■ WORK TASK ■
The lines from the top of the material through the line with "A warm weather" are to be set down exactly. Leave the pictures out.

■ COLLECTED DATA ■
==*==

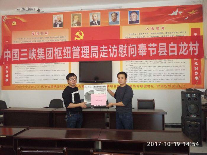 本网讯(徐磊)10月19日,在第四个全国扶贫日、第25个国际消除贫困日到来之际,三峡集团派驻重庆市奉节县永乐镇白龙村第一书记徐磊同志按照集团公司统一部署,在枢纽管理局精心安排下,组织开展中国三峡集团枢纽管理局走访慰问白龙村活动,以实际行动践行国家“扶贫日”号召。这是枢纽管理局继“10·17”国家扶贫日活动向秭归县庙河村开展定点帮扶捐赠后的又一项扶贫举措。
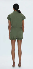 A warm weather favorite! Short sleeve romper silhouette designed for a relaxed fit, with a button up bodice and waist for adjustable coverage and fit options, topped with a camp collar neckline.
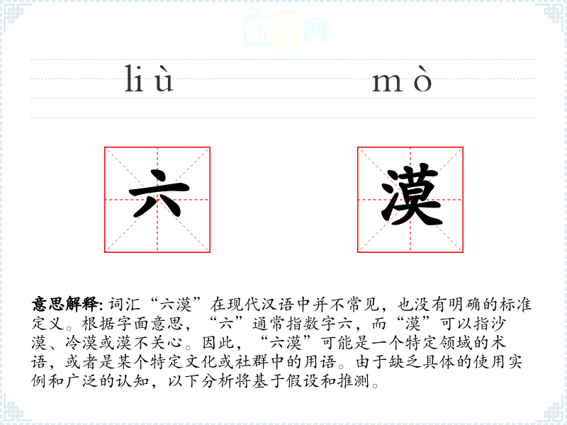 词汇“六漠”在现代汉语中并不常见,也没有明确的标准定义。根据字面意思,“六”通常指数字六,而“漠”可以指沙漠、冷漠或漠不关心。因此,“六漠”可能是一个特定领域的术语,或者是某个特定文化或社群中的用语。由于缺乏具体的使用实例和广泛的认知,以下分析将基于假设和推测。

==*==

■ THE ANSWER ■
 本网讯(徐磊)10月19日,在第四个全国扶贫日、第25个国际消除贫困日到来之际,三峡集团派驻重庆市奉节县永乐镇白龙村第一书记徐磊同志按照集团公司统一部署,在枢纽管理局精心安排下,组织开展中国三峡集团枢纽管理局走访慰问白龙村活动,以实际行动践行国家“扶贫日”号召。这是枢纽管理局继“10·17”国家扶贫日活动向秭归县庙河村开展定点帮扶捐赠后的又一项扶贫举措。
 A warm weather favorite! Short sleeve romper silhouette designed for a relaxed fit, with a button up bodice and waist for adjustable coverage and fit options, topped with a camp collar neckline.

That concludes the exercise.